Wir haben uns immer über die stelle Treiben lassen, waren im Verbund von 2 schlauchboten und 2 GFK.
Wind Fast 1 eher 0, Strömung war aber ausreichend vorhanden.
Die Stelle Hatte es echt dicke insich und das der Kapitän ein Kleinbothasser ist haben wir auch schnell gemerkt ich würd auch sagen ca 10m an uns war normal.

Gefahren sind wir Von Kühlungsborn aus ca 45 minuten 

Sofern man kein GPS hat Fahrt ihr von der Bukspitze aus richtung Norden das sind ca. 10km weit raus.

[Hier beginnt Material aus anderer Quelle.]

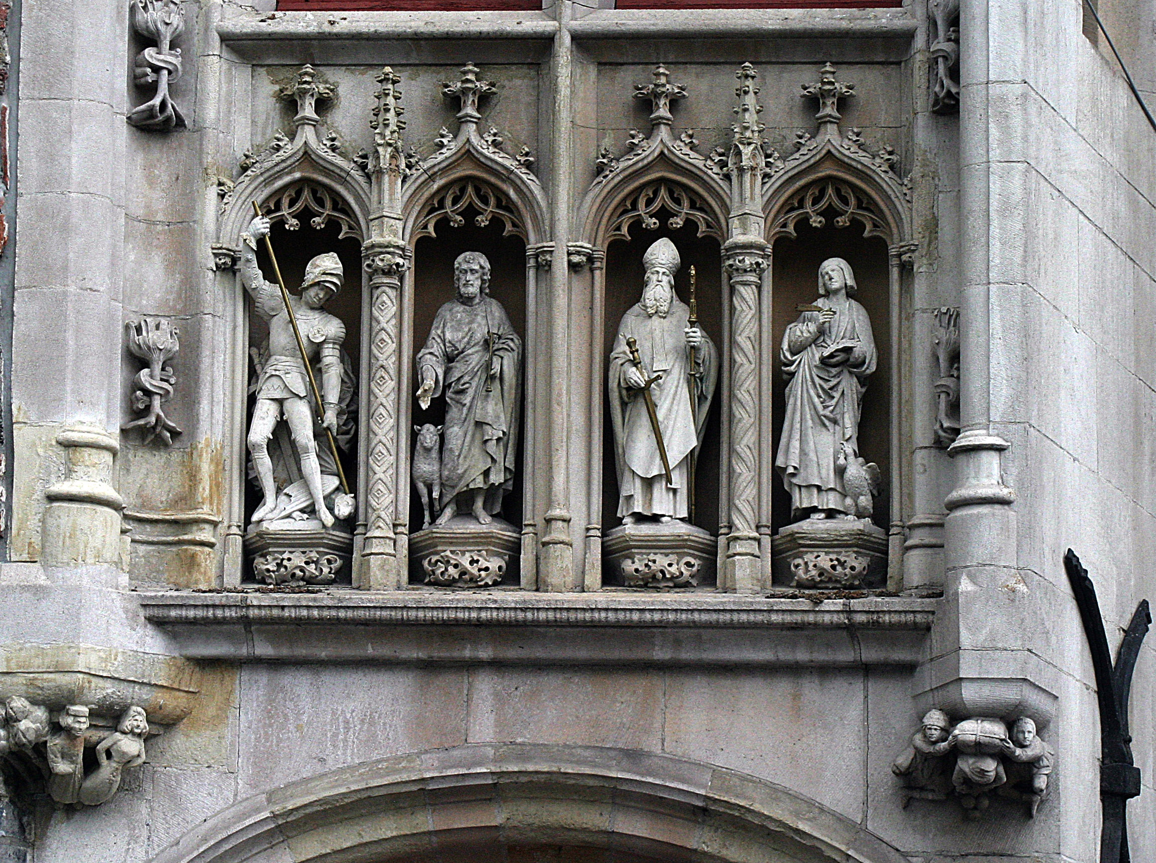 Estatuillas encima de la puerta de la Provinciehuis, Brujas, Bélgica

Sofern ihr alleine Fahrt nur mit echt seetüchtigen booten.
Ein Bootsverleiher gibt es auch in Kühlungsborn dort auch Führerscheinfreie Boote.

Sodele noch was vergessen.... Achja Köder.... War vollkommen egal haptsache da wackelte was am Grund.
Ich Habe auf Gummi Jeglicher art Farbe und Form gefangen, Meine Frau auf Pilker


----------



## MeFo_83 (30. Juli 2011)

*AW: kutterangeln mit der ms vorwärts von poel aus*



RibnitzerJung schrieb:


> hat jemand in letzter zeit mal wieder ne tour mit der vorwärts gemacht? ich überlege nämlich selbiges demnächst mal zu tun...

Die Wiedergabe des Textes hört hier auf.